**What you need to do**
In the entries below, begin at the line that has "3월 18일, 가끔 시내에" and stop after the line that has "踏入Palate,四周環繞的"; output those lines exactly, leaving out pictures.

Data for this exercise Start Marker

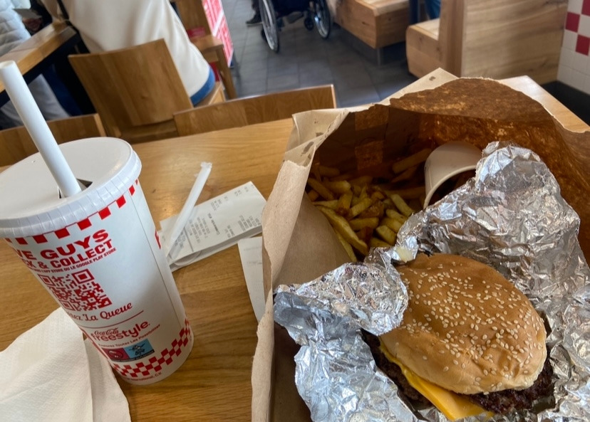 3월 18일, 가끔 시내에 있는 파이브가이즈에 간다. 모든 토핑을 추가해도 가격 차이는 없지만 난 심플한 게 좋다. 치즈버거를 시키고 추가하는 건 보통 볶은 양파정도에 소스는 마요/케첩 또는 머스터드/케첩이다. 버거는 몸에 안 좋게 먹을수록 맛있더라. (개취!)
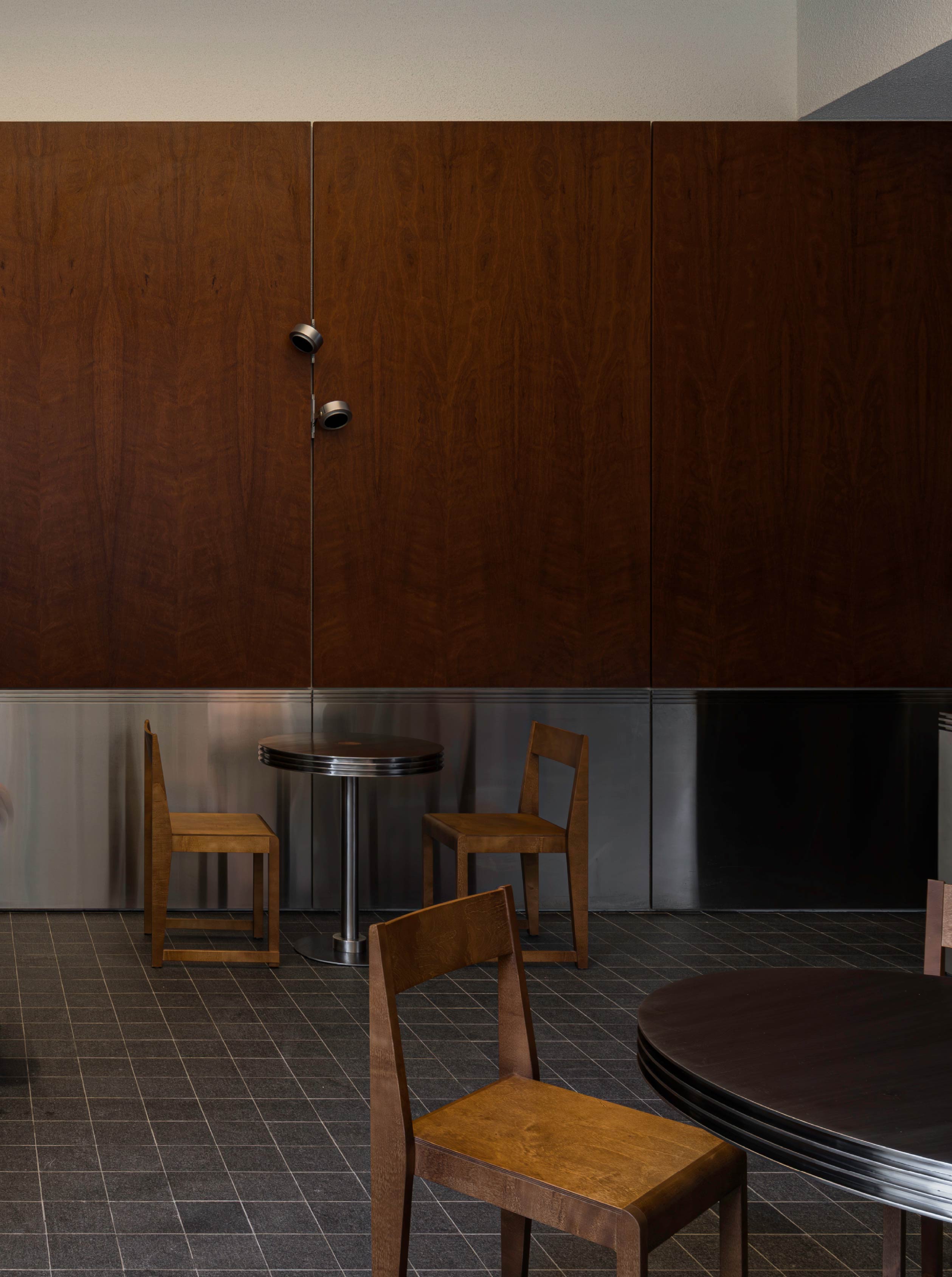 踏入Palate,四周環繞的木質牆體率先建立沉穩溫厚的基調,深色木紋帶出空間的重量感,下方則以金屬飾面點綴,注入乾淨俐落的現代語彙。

Data for this exercise End Marker
Data for this exercise Start Marker

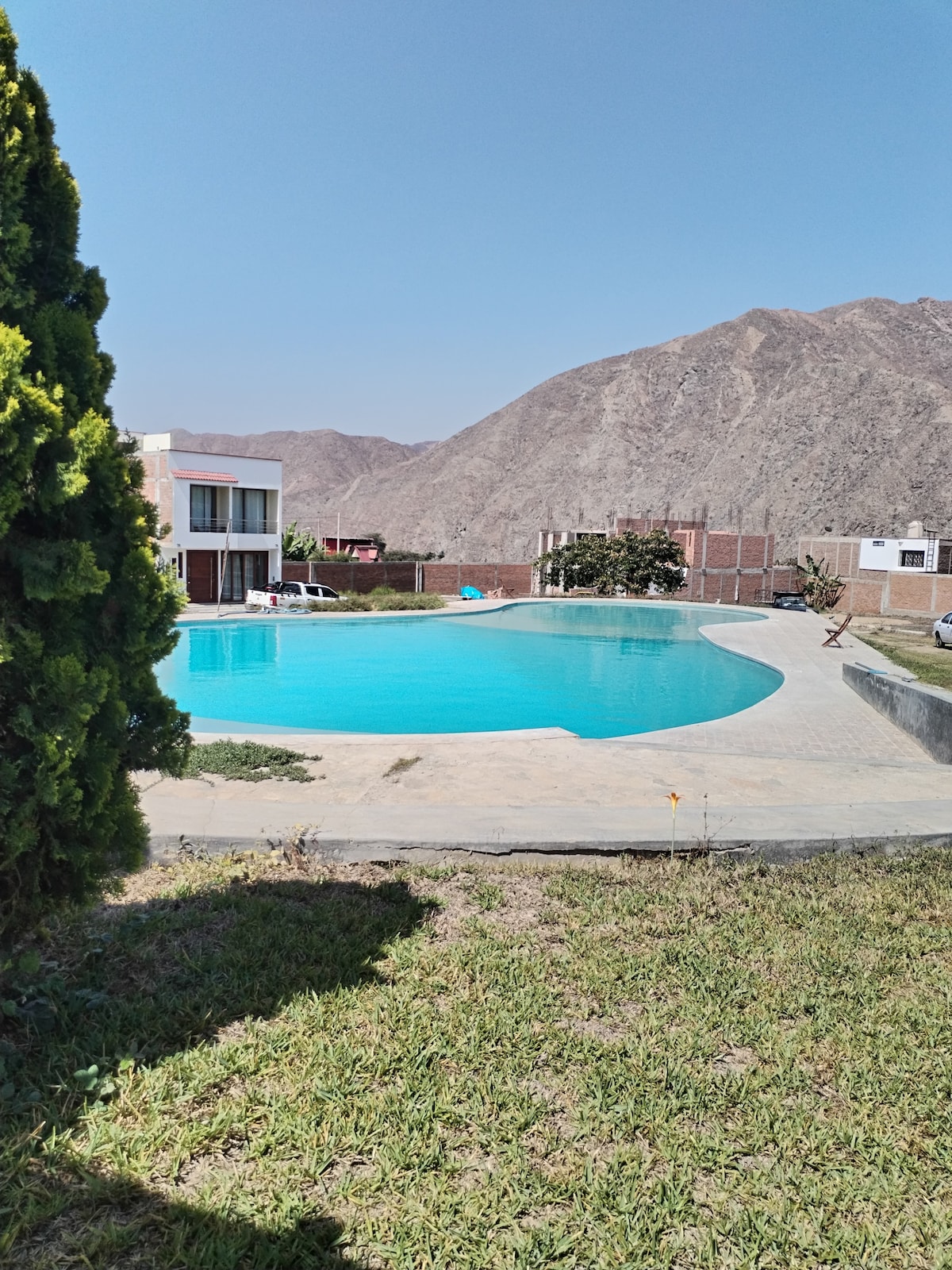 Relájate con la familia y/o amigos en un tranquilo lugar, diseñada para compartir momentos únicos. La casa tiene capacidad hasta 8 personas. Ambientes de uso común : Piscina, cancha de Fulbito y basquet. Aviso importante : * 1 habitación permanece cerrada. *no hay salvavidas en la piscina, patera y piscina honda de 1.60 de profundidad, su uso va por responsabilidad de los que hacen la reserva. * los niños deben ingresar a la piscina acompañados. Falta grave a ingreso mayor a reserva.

Data for this exercise End Marker
Data for this exercise Start Marker

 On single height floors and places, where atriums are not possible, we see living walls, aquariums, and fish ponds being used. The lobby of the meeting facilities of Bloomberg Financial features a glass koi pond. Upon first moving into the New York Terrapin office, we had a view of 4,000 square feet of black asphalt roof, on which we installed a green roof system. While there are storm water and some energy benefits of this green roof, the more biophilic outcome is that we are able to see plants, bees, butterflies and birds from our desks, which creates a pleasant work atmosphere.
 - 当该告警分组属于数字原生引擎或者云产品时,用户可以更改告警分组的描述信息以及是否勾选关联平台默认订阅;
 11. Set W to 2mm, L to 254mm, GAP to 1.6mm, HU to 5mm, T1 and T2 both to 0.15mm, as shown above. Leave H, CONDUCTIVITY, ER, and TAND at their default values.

Data for this exercise End Marker

**Answer to this task**
 3월 18일, 가끔 시내에 있는 파이브가이즈에 간다. 모든 토핑을 추가해도 가격 차이는 없지만 난 심플한 게 좋다. 치즈버거를 시키고 추가하는 건 보통 볶은 양파정도에 소스는 마요/케첩 또는 머스터드/케첩이다. 버거는 몸에 안 좋게 먹을수록 맛있더라. (개취!)
 踏入Palate,四周環繞的木質牆體率先建立沉穩溫厚的基調,深色木紋帶出空間的重量感,下方則以金屬飾面點綴,注入乾淨俐落的現代語彙。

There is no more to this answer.